Martin Luther wrote:
The world bears the Gospel a grudge because the Gospel condemns the religious wisdom of the world. Jealous for its own religious views, the world in turn charges the Gospel with being a subversive and licentious doctrine, offensive to God and man, a doctrine to be persecuted as the worst plague on earth.
As a result we have this paradoxical situation: The Gospel supplies the world with the salvation of Jesus Christ, peace of conscience, and every blessing. Just for that the world abhors the Gospel.
These Jewish-Christian fanatics who pushed themselves into the Galatian churches after Paul's departure, boasted that they were the descendants of Abraham, true ministers of Christ, having been trained by the apostles themselves, that they were able to perform miracles.
In every way they sought to undermine the authority of St. Paul. They said to the Galatians: "You have no right to think highly of Paul. He was the last to turn to Christ. But we have seen Christ. We heard Him preach. Paul came later and is beneath us. It is possible for us to be in error--we who have received the Holy Ghost? Paul stands alone. He has not seen Christ, nor has he had much contact with the other apostles. Indeed, he persecuted the Church of Christ for a long time."

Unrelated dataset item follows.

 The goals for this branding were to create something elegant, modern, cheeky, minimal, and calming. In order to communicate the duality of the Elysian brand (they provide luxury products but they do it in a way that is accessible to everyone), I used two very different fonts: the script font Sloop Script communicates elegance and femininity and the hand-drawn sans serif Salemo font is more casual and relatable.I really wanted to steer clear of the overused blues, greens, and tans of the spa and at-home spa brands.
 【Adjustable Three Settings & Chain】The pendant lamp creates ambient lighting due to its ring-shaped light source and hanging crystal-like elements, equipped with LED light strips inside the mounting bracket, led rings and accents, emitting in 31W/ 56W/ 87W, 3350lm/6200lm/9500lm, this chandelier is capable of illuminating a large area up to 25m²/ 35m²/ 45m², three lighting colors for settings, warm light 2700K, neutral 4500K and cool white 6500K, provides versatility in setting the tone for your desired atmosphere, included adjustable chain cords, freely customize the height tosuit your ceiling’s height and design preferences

When men claiming such credentials come along, they deceive not only the naive, but also those who seemingly are well-established in the faith. This same argument is used by the papacy. "Do you suppose that God for the sake of a few Lutheran heretics would disown His entire Church? Or do you suppose that God would have left His Church floundering in error all these centuries?" The Galatians were taken in by such arguments with the result that Paul's authority and doctrine were drawn in question.
Against these boasting, false apostles, Paul boldly defends his apostolic authority and ministry. Humble man that he was, he will not now take a back seat. He reminds them of the time when he opposed Peter to his face and reproved the chief of the apostles.

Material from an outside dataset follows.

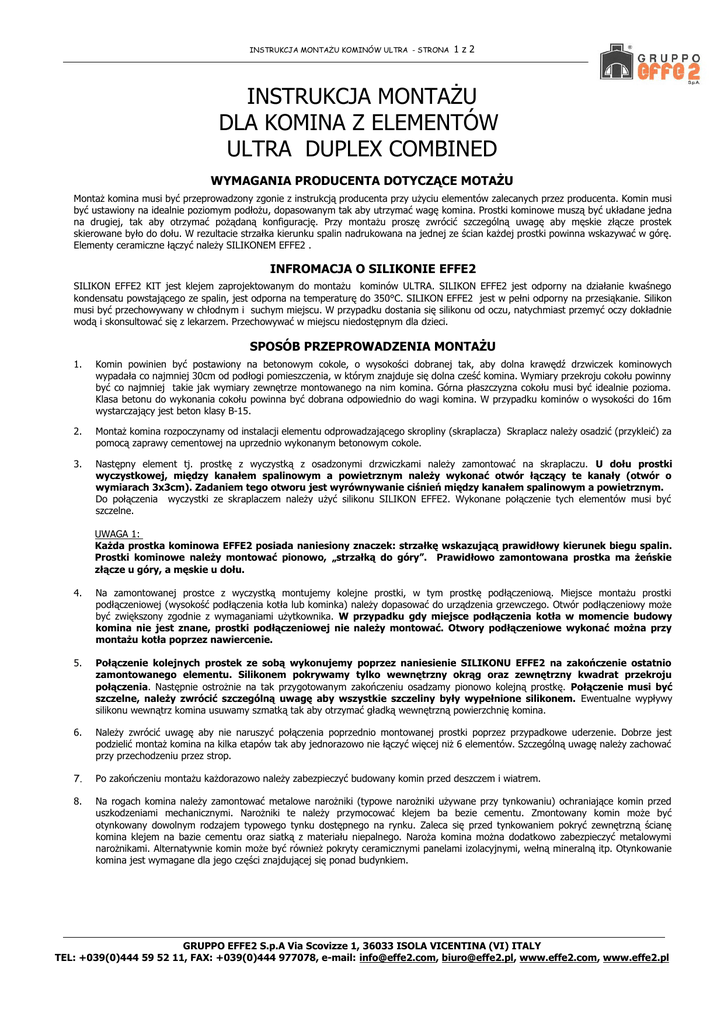 INSTRUKCJA MONTAŻU KOMINÓW ULTRA - STRONA 1z2 INSTRUKCJA MONTAŻU DLA KOMINA Z ELEMENTÓW ULTRA DUPLEX COMBINED WYMAGANIA PRODUCENTA DOTYCZĄCE MOTAŻU Montaż komina musi być przeprowadzony zgonie z instrukcją producenta przy użyciu elementów zalecanych przez producenta. Komin musi być ustawiony na idealnie poziomym podłożu, dopasowanym tak aby utrzymać wagę komina. Prostki kominowe muszą być układane jedna na drugiej, tak aby otrzymać pożądaną konfigurację. Przy montażu proszę zwrócić szczególną uwagę aby męskie złącze prostek skierowane było do dołu. W rezultacie strzałka kierunku spalin nadrukowana na jednej ze ścian każdej prostki powinna wskazywać w górę. Elementy ceramiczne łączyć należy SILIKONEM EFFE2 . INFROMACJA O SILIKONIE EFFE2 SILIKON EFFE2 KIT jest klejem zaprojektowanym do montażu kominów ULTRA. SILIKON EFFE2 jest odporny na działanie kwaśnego kondensatu powstającego ze spalin, jest odporna na temperaturę do 350°C. SILIKON EFFE2 jest w pełni odporny na przesiąkanie. Silikon musi być przechowywany w chłodnym i suchym miejscu. W przypadku dostania się silikonu od oczu, natychmiast przemyć oczy dokładnie wodą i skonsultować się z lekarzem. Przechowywać w miejscu niedostępnym dla dzieci. SPOSÓB PRZEPROWADZENIA MONTAŻU 1. Komin powinien być postawiony na betonowym cokole, o wysokości dobranej tak, aby dolna krawędź drzwiczek kominowych wypadała co najmniej 30cm od podłogi pomieszczenia, w którym znajduje się dolna cześć komina. Wymiary przekroju cokołu powinny być co najmniej takie jak wymiary zewnętrze montowanego na nim komina. Górna płaszczyzna cokołu musi być idealnie pozioma. Klasa betonu do wykonania cokołu powinna być dobrana odpowiednio do wagi komina. W przypadku kominów o wysokości do 16m wystarczający jest beton klasy B-15. 2. Montaż komina rozpoczynamy od instalacji elementu odprowadzającego skropliny (skraplacza) Skraplacz należy osadzić (przykleić) za pomocą zaprawy cementowej na uprzednio wykonanym betonowym cokole. 3. Następny element tj. prostkę z wyczystką z osadzonymi drzwiczkami należy zamontować na skraplaczu. U dołu prostki wyczystkowej, między kanałem spalinowym a powietrznym należy wykonać otwór łączący te kanały (otwór o wymiarach 3x3cm). Zadaniem tego otworu jest wyrównywanie ciśnień między kanałem spalinowym a powietrznym. Do połączenia wyczystki ze skraplaczem należy użyć silikonu SILIKON EFFE2. Wykonane połączenie tych elementów musi być szczelne. UWAGA 1: Każda prostka kominowa EFFE2 posiada naniesiony znaczek: strzałkę wskazującą prawidłowy kierunek biegu spalin. Prostki kominowe należy montować pionowo, „strzałką do góry”. Prawidłowo zamontowana prostka ma żeńskie złącze u góry, a męskie u dołu. 4. Na zamontowanej prostce z wyczystką montujemy kolejne prostki, w tym prostkę podłączeniową. Miejsce montażu prostki podłączeniowej (wysokość podłączenia kotła lub kominka) należy dopasować do urządzenia grzewczego. Otwór podłączeniowy może być zwiększony zgodnie z wymaganiami użytkownika. W przypadku gdy miejsce podłączenia kotła w momencie budowy komina nie jest znane, prostki podłączeniowej nie należy montować. Otwory podłączeniowe wykonać można przy montażu kotła poprzez nawiercenie. 5. Połączenie kolejnych prostek ze sobą wykonujemy poprzez naniesienie SILIKONU EFFE2 na zakończenie ostatnio zamontowanego elementu. Silikonem pokrywamy tylko wewnętrzny okrąg oraz zewnętrzny kwadrat przekroju połączenia. Następnie ostrożnie na tak przygotowanym zakończeniu osadzamy pionowo kolejną prostkę. Połączenie musi być szczelne, należy zwrócić szczególną uwagę aby wszystkie szczeliny były wypełnione silikonem. Ewentualne wypływy silikonu wewnątrz komina usuwamy szmatką tak aby otrzymać gładką wewnętrzną powierzchnię komina. 6. Należy zwrócić uwagę aby nie naruszyć połączenia poprzednio montowanej prostki poprzez przypadkowe uderzenie. Dobrze jest podzielić montaż komina na kilka etapów tak aby jednorazowo nie łączyć więcej niż 6 elementów. Szczególną uwagę należy zachować przy przechodzeniu przez strop. 7. Po zakończeniu montażu każdorazowo należy zabezpieczyć budowany komin przed deszczem i wiatrem. 8. Na rogach komina należy zamontować metalowe narożniki (typowe narożniki używane przy tynkowaniu) ochraniające komin przed uszkodzeniami mechanicznymi. Narożniki te należy przymocować klejem ba bezie cementu. Zmontowany komin może być otynkowany dowolnym rodzajem typowego tynku dostępnego na rynku. Zaleca się przed tynkowaniem pokryć zewnętrzną ścianę komina klejem na bazie cementu oraz siatką z materiału niepalnego. Naroża komina można dodatkowo zabezpieczyć metalowymi narożnikami. Alternatywnie komin może być również pokryty ceramicznymi panelami izolacyjnymi, wełną mineralną itp. Otynkowanie komina jest wymagane dla jego części znajdującej się ponad budynkiem. GRUPPO EFFE2 S.p.A Via Scovizze 1, 36033 ISOLA VICENTINA (VI) ITALY TEL: +039(0)444 59 52 11, FAX: +039(0)444 977078, e-mail: [email protected], [email protected], www.effe2.com, www.effe2.pl INSTRUKCJA MONTAŻU KOMINÓW ULTRA - STRONA 2z2 UWAGA 2: Żaden element komina nie może być związany sztywno ze strukturą budynku. W przypadku związania komina ze strukturą budynku (ze ścianami lub stropem) osiadanie budynku lub brak możliwości rozszerzania się ceramiki komina pod wpływem temperatury, może doprowadzić do nienaprawialnych pęknięć komina. Z tego powodu przy przechodzeniu komina przez strop konieczne jest zastosowanie elastycznych łączników wykonanych z wełny mineralnej lub bazaltowej odpornej na działanie temperatury 300°C. Grubość łącznika powinna wynosić co najmniej 1 cm. Należy zachować minimalną odległość (2mm) miedzy ścianą a kominem ustawionym przy niej kominem. Alternatywnym rozwiązaniem j

Paul devotes the first two chapters to a defense of his office and his Gospel, affirming that he received it, not from men, but from the Lord Jesus Christ by special revelation, and that if he or an angel from heaven preach any other gospel than the one he had preached, he shall be accursed.

TABLE TALK
1.   DO YOU REMEMBER WHEN/WHERE YOU FIRST HEARD THE GOSPEL?  DO YOU REMEMBER WHAT YOU THOUGHT?
2.   CAN YOU COMPLETELY AND HONESTLY SAY YOU FEEL SAVED BY GRACE AND NOT BY WORKS?  DO YOU FEEL COMPLELLED TO DO WORKS?